ウォン相場は中国の人民元価格と同調化現象を見せウォン安が続いている。中国がゼロコロナ政策を展開し景気鈍化に対する憂慮が高まると人民元価値も下落幅が大きくなっている。この日、香港金融市場で1ドルあたりの人民元価格は6.78元まで下がり、2020年10月以降最低水準を記録した。11日、中国で3位の不動産開発会社であるスナックチャイナが債権利子を支給できなかったというニュースが伝えられ中国経済に対する憂慮が高まった。新韓銀行のペク・ソクヒョンエコノミストは「中国が最大輸出国という側面から見ると中国不動産市場の異常兆候は韓国にも否定的影響を及ぼすほかはない」と説明した。

政府が推進する補正予算の編成がウォン安を煽るだろうという見方も出ている。政府は、この日「33兆ウォン+α」規模の補正予算を編成するための臨時国務会議を開いた。今回の補正予算は「コロナ営業制限」で被害を受けた小商工人と自営業者に1人あたり少なくとも600万ウォンを支給するためのものだ。ただ、小商工人の損失補償額が一気に支給されれば市中通貨量が急激に増え、ウォンの価値がさらに下がるしかない。新韓銀行のソ・ジョンフン先任研究委員は「米国からの輸入インフレにより物価上昇率が高まっているが、補正予算まで加わると火事になった家に油を注ぐようなもの」とし「補正予算により通貨価値下落が続くほかはない」と分析した。

同日、外国為替市場は高い変動性を示したが、外国為替当局は口頭介入をしなかった。このような沈黙がウォン安に一役買ったという評価も出ている。ある金融界関係者は「ウォン貨の価格急落にもかかわらずメッセージが出てこなかったことについて市場参加者たちは政府交替過程の混乱と見ている」と伝えた。

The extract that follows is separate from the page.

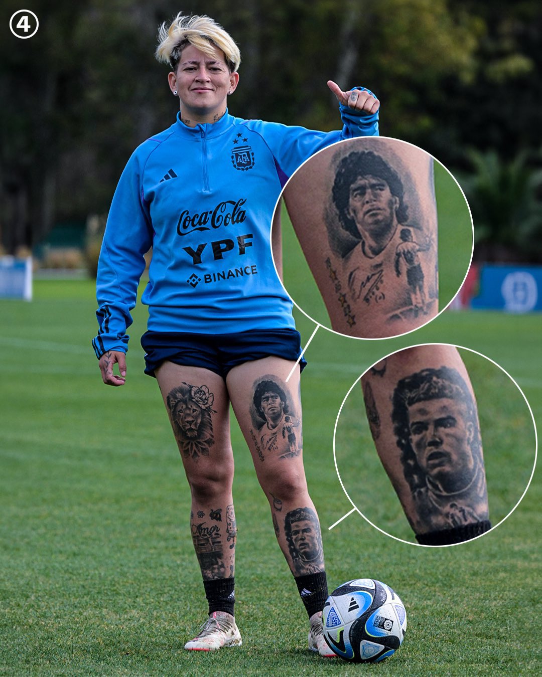 وقالت اللاعبة البالغة من العمر 25 عامًا، حسب وكالة «رويترز، والتي تضع أيضًا وشمًا للأسطورة الأرجنتيني دييجو مارادونا على فخذها اليسرى، إنها تلقت انتقادات على وسائل التواصل الاجتماعي، بسبب وشم رونالدو غريم ميسي الأزلي.

ウォン安は5月に予定されている韓国銀行の金融通貨委員会会議にも影響を及ぼすものと見られる。米連邦準備制度がビッグステップ(基準金利0.5%ポイント引き上げ)を超え、ジャイアントステップ(0.75%ポイント引き上げ)を断行する可能性が提起されている中、韓国と基準金利の格差が縮まれば、ウォン安がさらに急激に進む恐れがあるためだ。ソ先任研究委員は「現在のウォン価値の動きと補正予算による物価上昇幅を勘案すると、今月開かれる韓国銀行(韓銀)の金融通貨委員会(金通委)で通貨政策に先制的に対応する必要性を感じるものと見られる」と説明した。